__Task objective__.
Copy the data that follows exactly. Include no pictures.

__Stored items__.
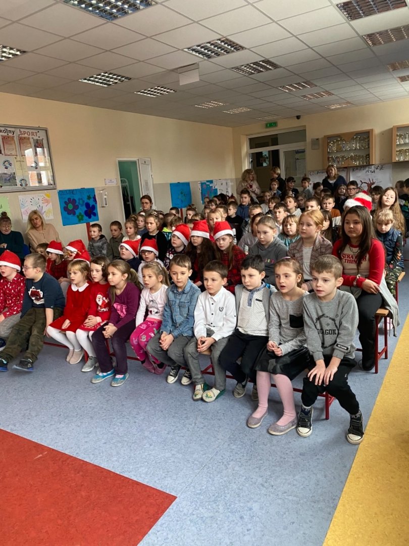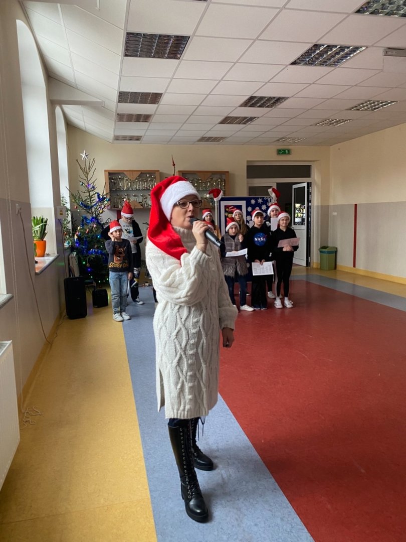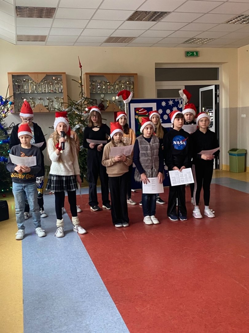 W dniu 22 grudnia w naszej szkole odbył się koncert kolęd przygotowany przez p. Agatę Guzek oraz zespół muzyczny naszej szkoły. Rozpoczęliśmy tym samym okres świętowania i przenieśliśmy się w atmosferę zbliżających się Świąt Bożego Narodzenia, którym towarzyszy piękna tradycja śpiewania kolęd. Koncert rozpoczęliśmy piękną pastorałką z repertuaru Skaldów pt. "Złota Jerozolima", wysłuchaliśmy również przepięknego utworu Zbigniewa Preisnera "Całą noc padał śnieg", który zaśpiewała uczennica klasy 8c Oliwia Mierzwa, ale nie zabrakło również tradycyjnych, wszystkim znanych kolęd takich, jak "Lulajże Jezuniu", "Przybieżeli do Betlejem", czy "Dzisiaj w Betlejem", którą to kolędę odśpiewali wspólnie wszyscy uczestnicy koncertu. Po koncercie Pani Dyrektor podziękowała uczniom za przepiękny występ oraz złożyła serdeczne życzenia świąteczne i noworoczne.
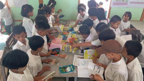 သံတောင်ကြီးမြို့နယ် အခြေခံပညာအထက်တန်းကျောင်းတွင် စာဖတ်ရှိန်မြှင့်တင်ရေးအတွက် ကျောင်းသူ/ကျောင်းသားများထံသို့ စာအုပ်စာစောင်များ ငှားရမ်းပေး
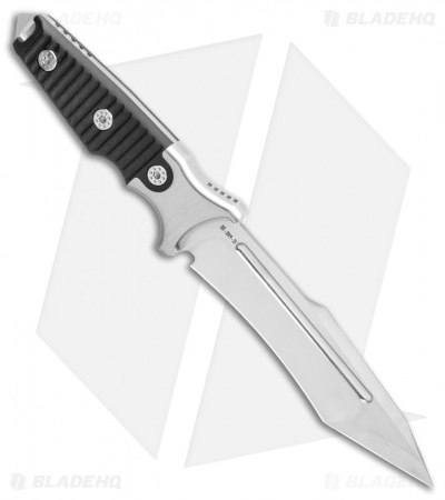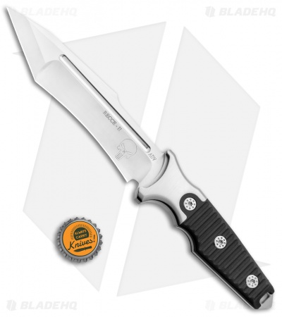 This Recce-2 fixed blade has a black G-10 handle and a full-tang D2 blade in a satin finish.
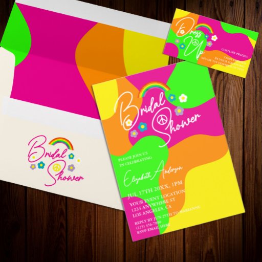 Bold and colourful retro bridal shower with flowers, rainbow, and peace sign
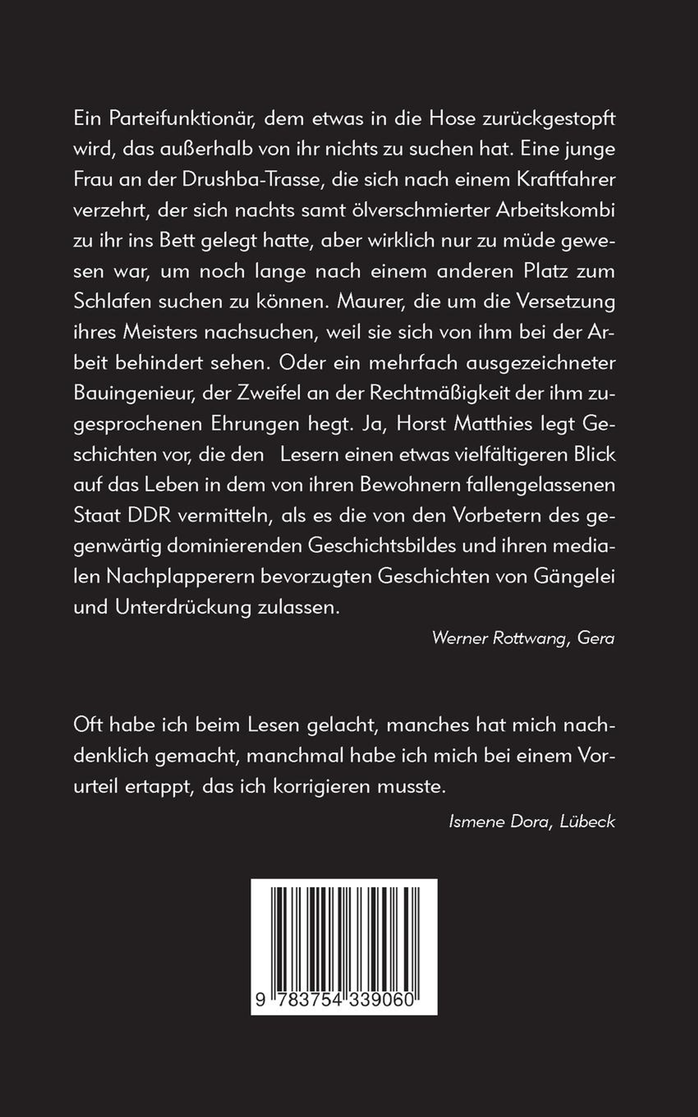 Stasi-Diktatur und Unrechtsastaat oder Feldversuch einer auf sozialere Beziehungen der Menschen gerichteten Lebensweise? - Hort ewigen Leidens oder Raum für ein lustvolles, von den Widersprüchen zwischen Ideal und Wirklichkeit bestimmtes Leben? - Was war das für eine Welt, die am 18. März 1990 von einer Mehrheit der wahlberechtigten Bewohner der DDR abgewählt wurde? Horst Matthies hat in seinen Schubladen gekramt und bisher unveröffentlichte Texte sowie Geschichten aus Büchern zusammengetragen, die vor dem Schluckauf der Geschichte erschienen sind, wie er die Ereignisse von 1989 / 90 nennt. Mancher dieser Texte könnte heute manchen Lesern weh tun, mancher ihnen ein nachsichtiges Lächeln abnötigen, mancher auch Anlass für ein bauchkrümmendes Gelächter geben. Erhellend aber dürften sie in jedem Fall sein.
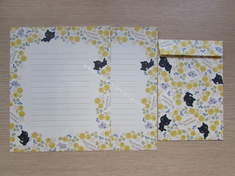 Conjunto de papel de carta importado com 2 folhas iguais e 1 envelope, da Katusita Nyanko, San-X
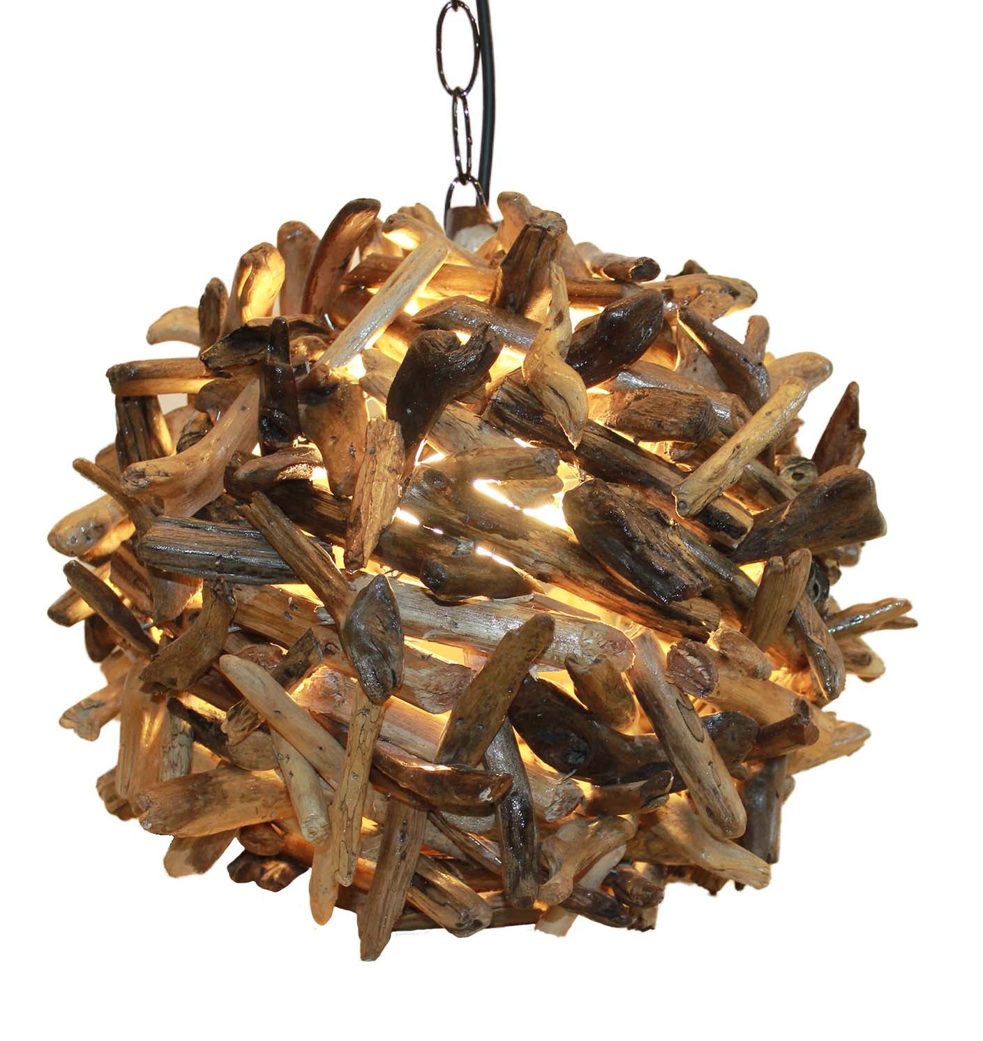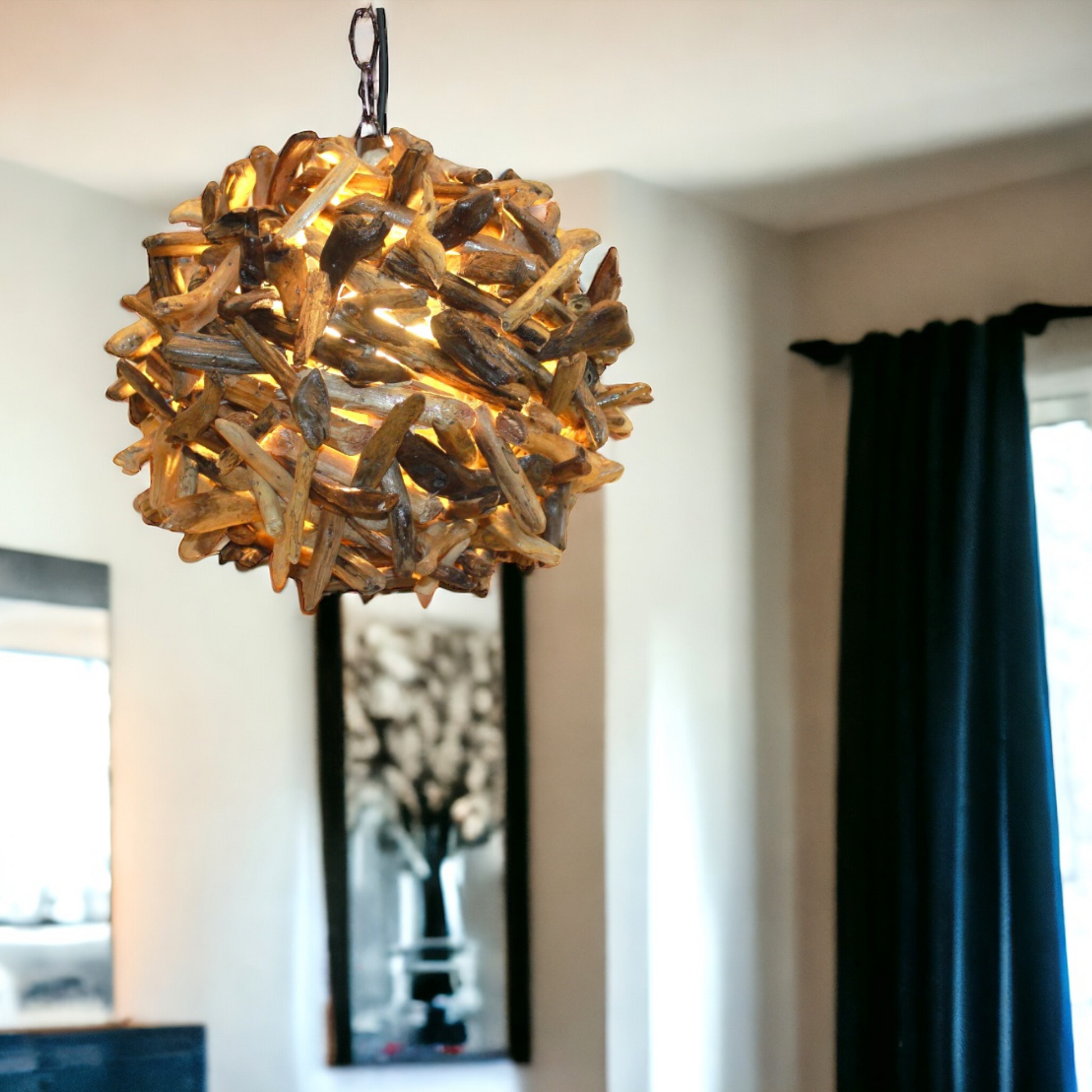 Each piece of driftwood is carefully selected and arranged to form a spherical shape, creating a captivating interplay of light and shadow. The driftwood's intricate textures and earthy tones add a touch of rustic sophistication to any room, while the soft glow of the light creates a cozy and inviting atmosphere.
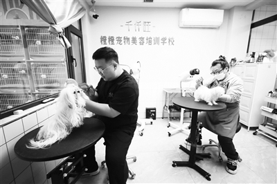 近年来,辽宁省鞍山市聚焦宠物经济,形成宠物箱包制造、食品加工、洗护美容等协同发展的特色产业集群,为这座传统工业城市增添新的产业活力。图为在鞍山市铁西区一家宠物销售公司开设的宠物美容培训学校,工作人员在梳理宠物狗毛发。新华社发
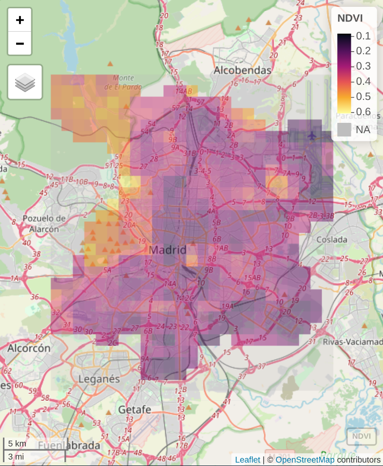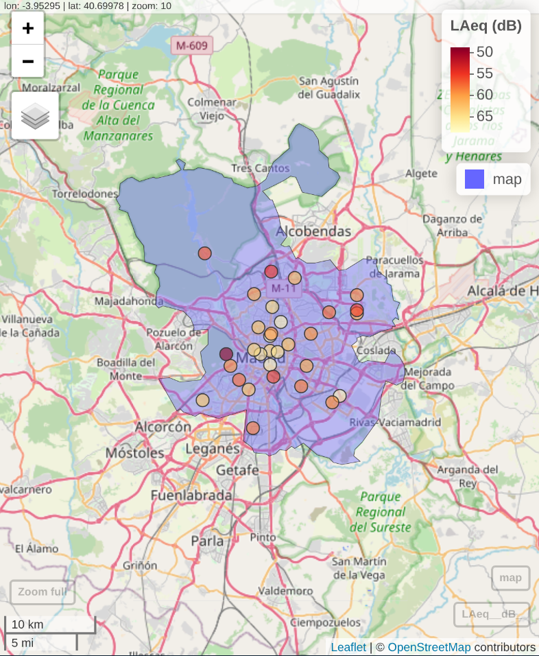 Environmental noise measurements were sourced from the Madrid City Council’s monitoring network, containing 31 stations coordinates and annual mean sound levels (LAeq) (@. Data were cleaned, aggregated to the year 2024, and spatially transformed to the ETRS89 / UTM Zone 30N (EPSG:25830) coordinate reference system.

__Answer to the exercise__.
 W dniu 22 grudnia w naszej szkole odbył się koncert kolęd przygotowany przez p. Agatę Guzek oraz zespół muzyczny naszej szkoły. Rozpoczęliśmy tym samym okres świętowania i przenieśliśmy się w atmosferę zbliżających się Świąt Bożego Narodzenia, którym towarzyszy piękna tradycja śpiewania kolęd. Koncert rozpoczęliśmy piękną pastorałką z repertuaru Skaldów pt. "Złota Jerozolima", wysłuchaliśmy również przepięknego utworu Zbigniewa Preisnera "Całą noc padał śnieg", który zaśpiewała uczennica klasy 8c Oliwia Mierzwa, ale nie zabrakło również tradycyjnych, wszystkim znanych kolęd takich, jak "Lulajże Jezuniu", "Przybieżeli do Betlejem", czy "Dzisiaj w Betlejem", którą to kolędę odśpiewali wspólnie wszyscy uczestnicy koncertu. Po koncercie Pani Dyrektor podziękowała uczniom za przepiękny występ oraz złożyła serdeczne życzenia świąteczne i noworoczne.
 သံတောင်ကြီးမြို့နယ် အခြေခံပညာအထက်တန်းကျောင်းတွင် စာဖတ်ရှိန်မြှင့်တင်ရေးအတွက် ကျောင်းသူ/ကျောင်းသားများထံသို့ စာအုပ်စာစောင်များ ငှားရမ်းပေး
 This Recce-2 fixed blade has a black G-10 handle and a full-tang D2 blade in a satin finish.
 Bold and colourful retro bridal shower with flowers, rainbow, and peace sign
 Stasi-Diktatur und Unrechtsastaat oder Feldversuch einer auf sozialere Beziehungen der Menschen gerichteten Lebensweise? - Hort ewigen Leidens oder Raum für ein lustvolles, von den Widersprüchen zwischen Ideal und Wirklichkeit bestimmtes Leben? - Was war das für eine Welt, die am 18. März 1990 von einer Mehrheit der wahlberechtigten Bewohner der DDR abgewählt wurde? Horst Matthies hat in seinen Schubladen gekramt und bisher unveröffentlichte Texte sowie Geschichten aus Büchern zusammengetragen, die vor dem Schluckauf der Geschichte erschienen sind, wie er die Ereignisse von 1989 / 90 nennt. Mancher dieser Texte könnte heute manchen Lesern weh tun, mancher ihnen ein nachsichtiges Lächeln abnötigen, mancher auch Anlass für ein bauchkrümmendes Gelächter geben. Erhellend aber dürften sie in jedem Fall sein.
 Conjunto de papel de carta importado com 2 folhas iguais e 1 envelope, da Katusita Nyanko, San-X
 Each piece of driftwood is carefully selected and arranged to form a spherical shape, creating a captivating interplay of light and shadow. The driftwood's intricate textures and earthy tones add a touch of rustic sophistication to any room, while the soft glow of the light creates a cozy and inviting atmosphere.
 近年来,辽宁省鞍山市聚焦宠物经济,形成宠物箱包制造、食品加工、洗护美容等协同发展的特色产业集群,为这座传统工业城市增添新的产业活力。图为在鞍山市铁西区一家宠物销售公司开设的宠物美容培训学校,工作人员在梳理宠物狗毛发。新华社发
 Environmental noise measurements were sourced from the Madrid City Council’s monitoring network, containing 31 stations coordinates and annual mean sound levels (LAeq) (@. Data were cleaned, aggregated to the year 2024, and spatially transformed to the ETRS89 / UTM Zone 30N (EPSG:25830) coordinate reference system.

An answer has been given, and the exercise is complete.